- Born: 1986
- Education: San Francisco State University, BS (2008); University of Arizona, MS, PhD (2015);
- Awards: Carl Sagan Medal; Susan Mahan Niebur Early Career Award; NASA Planetary Science Early Career Award;
- Scientific career
- Fields: Planetary science
- Workplaces: Planetary Science Institute; NASA Jet Propulsion Laboratory;
- Thesis: Stress, on the Rocks: Thermally Induced Stresses in Rocks and Microstructures on Airless Bodies, Implications for Breakdown (2015)
- Doctoral advisor: Shane Byrne
- Website: https://www.jmolaro.com/

= Jamie Molaro =

American planetary scientist

Jamie Molaro (born 1986) is an American planetary scientist and artist.
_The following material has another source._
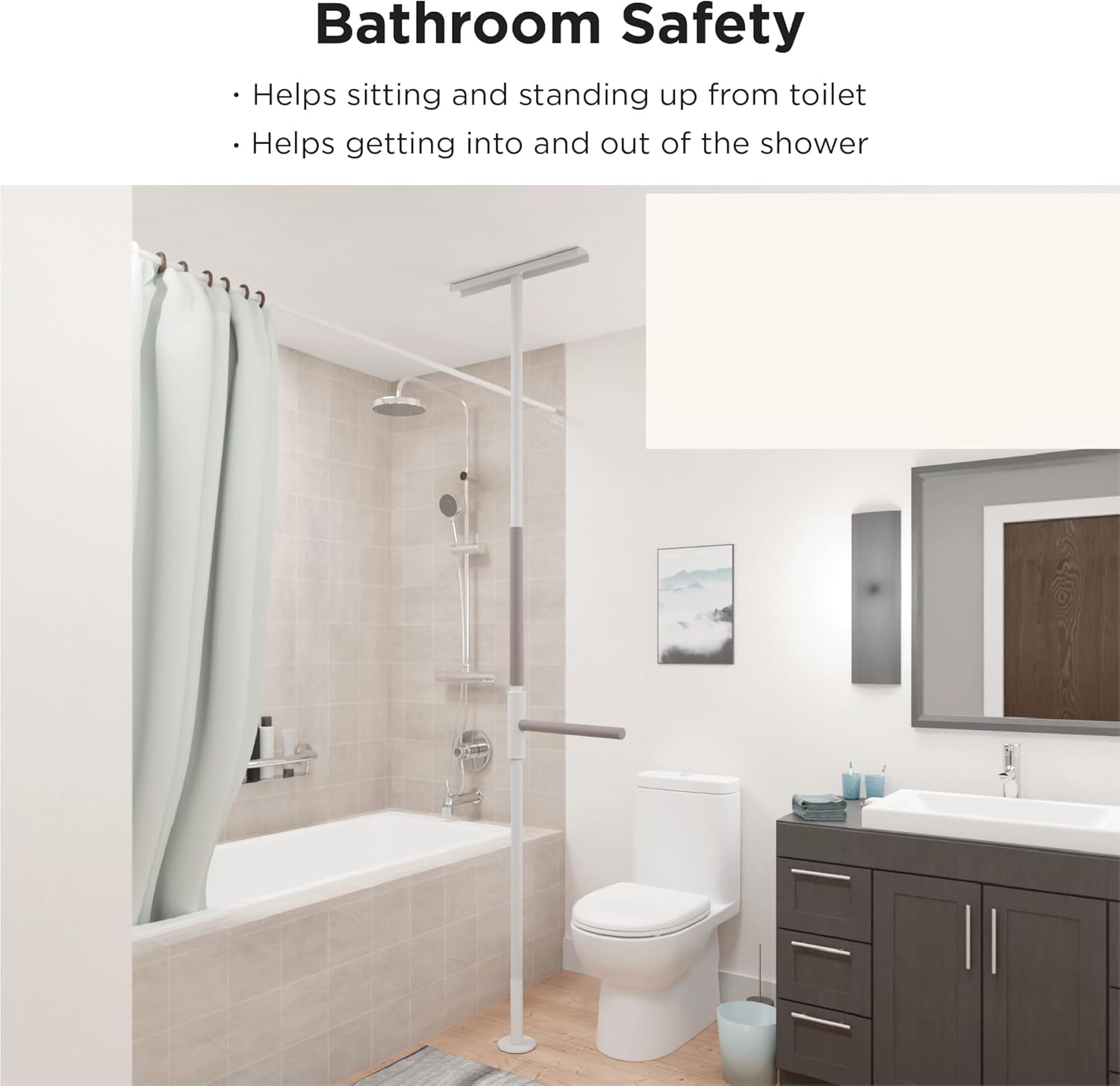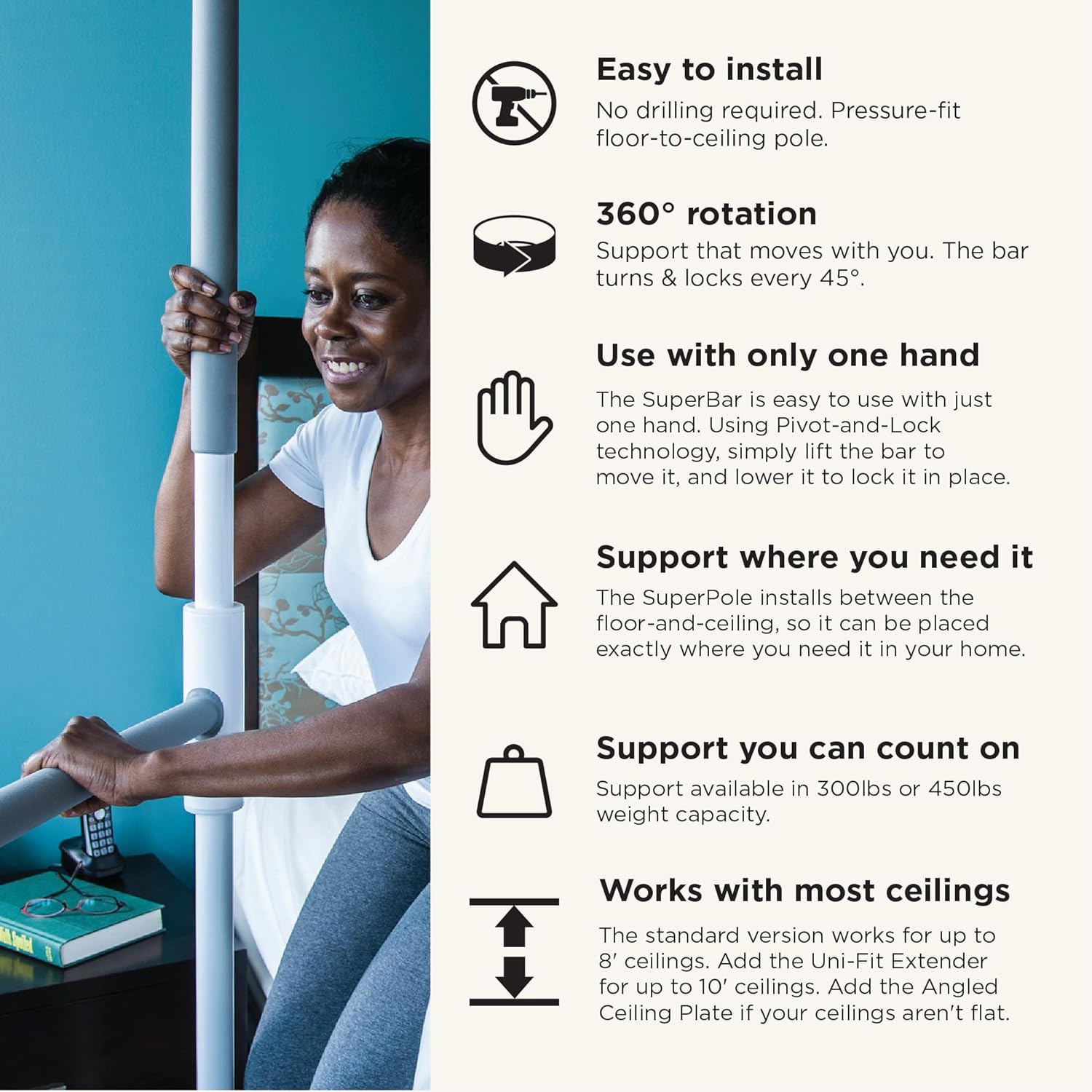 Risk – meet remedy. The SuperBar has contributed to an estimated 703M safe transfers, protecting you from the biggest risk of injury, death, loss of independence, or moving to a care facility. Tesnion-Mounted, fits heights 93-99″ Inch or extends reach up to 10Ft (100-120″ Inch) with Uni-Fit Extender (sold separately).

The asteroid 30379 Molaro is named for her.

== Education ==
Molaro grew up in Grass Valley, California. She graduated from Bear River High School in 2004. She attended San Francisco State University, where she earned a Bachelor of Science in Physics in 2008. She was awarded the Eden Academic Excellence Award in 2007 and was a Presidential Scholar. She was awarded a Doctor of Philosophy from the University of Arizona (UA) in 2015, where she also completed a Master of Science. She also earned a Certificate in College Teaching.

== Research ==
In 2015, Molaro joined the Jet Propulsion Laboratory as a NASA Post Doctoral Program fellow, where she was a scientist working on the OSIRIS-REx mission under Paul Hayne. Molaro publishes research regarding the impact of thermal forces on rocks, boulders, and landscapes on airless bodies.

As of 2025, she is a research scientist at the Planetary Science Institute.

== Awards ==
- Earth and Space Science Fellowship, NASA, 2012
- Galileo Circle Scholarship, University of Arizona College of Science, 2012
- Gerard P. Kuiper Memorial Award, University of Arizona, 2016
- Asteroid namesake, 30379 Molaro, International Astronomical Union, 2021
- Planetary Science Early Career Award, NASA, 2023
- Susan Mahan Niebur Early Career Award, NASA Solar System Exploration Research Virtual Institute, 2024
- Carl Sagan Medal, American Astronomical Society, 2024

== Selected publications ==
Molaro, J. L. (2020). "In situ evidence of thermally induced rock breakdown widespread on Bennu’s surface"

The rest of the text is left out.